We have since moved to the Local Government model for all edits. Similar set up to what James Crandall discussed. We have one database for all edits, that replicate to a production database (view only), with a static database for raster / contour info, a back up, and test database. The replication is handled on a nightly sync that is automated, so that production is only 1 day older than edit. All services are pulled form production. It is working well, with less management, and other editors are not limited by what they have access to. We have started utilizing table views to stream line what some users need in production. I will say its a bit slower than how it was, but for me only managing it in my spare time, it is a better fit. However we are thinking of now isolating our parcel fabric to its own database because of the sheer volume of records, and transactions. Hope this is helpful for you Matt.

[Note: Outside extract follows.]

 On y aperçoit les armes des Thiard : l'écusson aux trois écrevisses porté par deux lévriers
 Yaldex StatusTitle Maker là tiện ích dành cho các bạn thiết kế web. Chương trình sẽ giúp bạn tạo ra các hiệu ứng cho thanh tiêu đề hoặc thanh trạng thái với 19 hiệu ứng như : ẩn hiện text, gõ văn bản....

Thank you Vince I was not aware how the RDBMS handle datasets I will consider this for future
Regards
Allen
Matthew,
There is one part of your question that stands out to me beyond the organization and number of databases. No matter what ends up working best for your organization from a backup and database organizational stand point, the behind the scenes parts, is the focus on the customer. You said, "The sheer number of datasets makes it a little cumbersome for users to find what they may be searching for". We have a large vector database for view/query, a number of raster databases, and a few editing databases. But we guide staff away from "digging" in the databases. With the last upgrade to 10.3 we avoided even giving them connection files. We provide group layer files, by theme. In our case they go to an internal webpage and find the theme they have interest in and load that layer file into Desktop. These layer files also relate directly to a webapp we have for staff and citizens. So if you use one to explore data, you can use the other.
That is very interesting!...and something that hadn't crossed my mind. Providing them themed layer files will not only avoid them having to search for data, but will take care of 'standardizing' symbology and labeling. You could even go so far as to create a python add-in and have buttons or a pick list that would load in the themes for users without them having to navigate a directory.

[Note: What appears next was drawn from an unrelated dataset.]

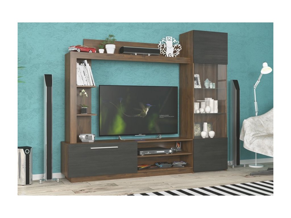 Moderní obývací stěna, která si zakládá na nejnovějších trendech bydlení. Nábytek je vyroben z kvalitní LTD. Korpus je v barvě nothern tree, dvířka jsou v barvě ořech. Tato stěna se prodává jako sestava. Ve vitríně jsou skleněné police. Prostor pro televizi je - výška 94,6 cm, šířka 120,7 cm. Dodáváme v demontovaném stavu.Doplňkové parametry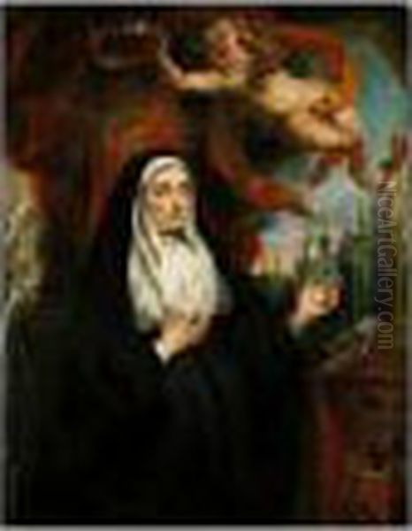 Portrait Of The Infanta Isabella Clara Eugenia, As A Nun, Half-length In Prayer Before A Crucifix And Crowned By A Cherub, With An Abbey Beyond

I'm not the DBA here, but I can maybe shed some light on our practice. Our county has ~400K people. A large percent of the county, city and utility data is in one large Oracle SDE. We have 85 feature datasets and then on top of that 815 objects that are outside of (excluding) the objects in those datasets. There's probably 70 or so versions, but I think most are direct children of the default version. Every 8 - 12 weeks, we do get an email from the DBA asking everyone to post their versions so he can compress the database states down to "zero". But on most given days, there are data in a large number of versions. As a frequent data reader and less frequent data editor, I've never experienced unacceptable latency in the 8-ish years that we've operated this way. I think this one gigantic database probably simplifies back up and restore, since it's only one database.
The consultants that helped up migrate a lot of the county's workflow from Microstation to ArcGIS suggested we organize every based on this GIS for the nation data model. Every feature/object class that deals with land use starts with "LU", such as "LU_Zoning", "LU_Parks". So it's not so bad finding the feature class that we're looking for in ArcCatalog.

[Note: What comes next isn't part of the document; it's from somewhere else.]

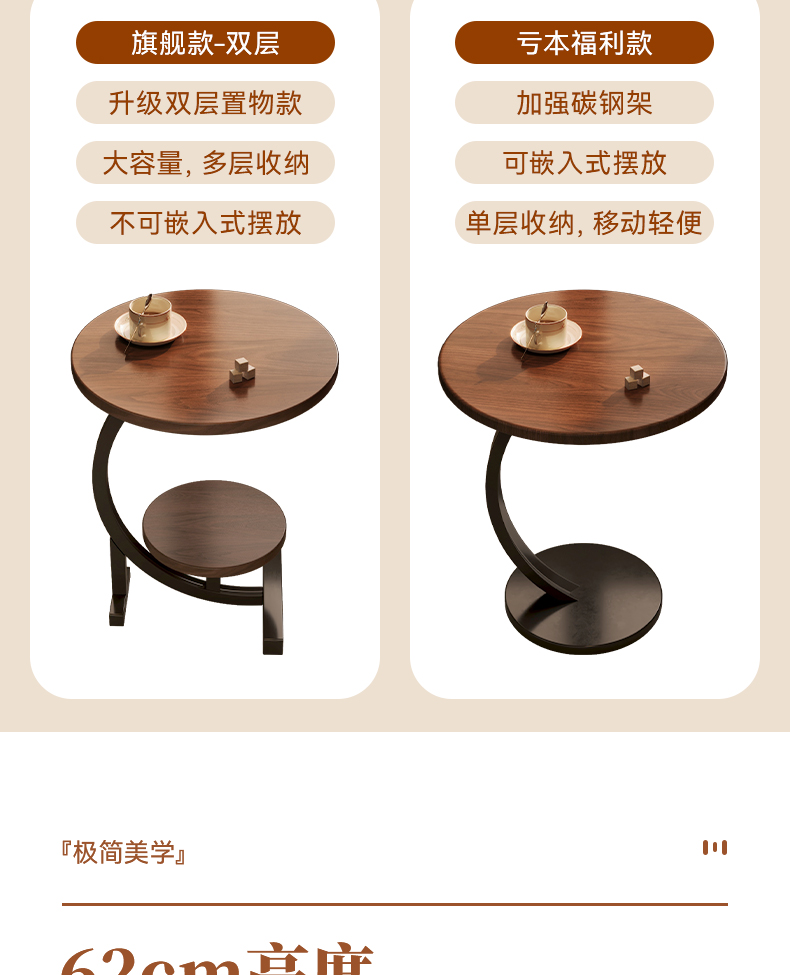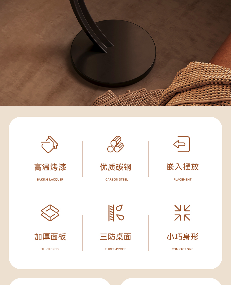 [stable upgrade round single layer] walnut color-t type carbon steel frame

For our users that are not full time GIS staff, we create layer files so they can just drop them into ArcMap. This allows us to make recommendations about which features should be hidden (inactive features), how the data should be symbolized, and which fields are the most appropriate for generating labels.
I'm not saying that you should set up your system like we have, but so far it's worked well.
I have abandoned Datasets as a way of organizing a GDB. I feel the performance and usability are awful. I have all feature classes together at the "root" of the GDB, and organized by using a prefix, either by domain (publicworks_*, hydro_*, etc.), or by department. But prefer by domain. Users can easilly browse the entire GDB alphabetically, and zoom in to the domain/dept. they're looking for. It seems counter intuitive but this really seems to work faster, at the software level as well as for the users.
Also, having several GDBs is an awkward solution for me as I imagine there will be a huge increase in connection files for the users, and connections to the databases in the server(s), since arcmap and arcgis server will require new connections for each database referenced in a mxd. Also, I am not sure how the rdbms server can optimize its cache mechanism when the data is divided into several databases. Maybe SQLServer has this solved, I am not sure.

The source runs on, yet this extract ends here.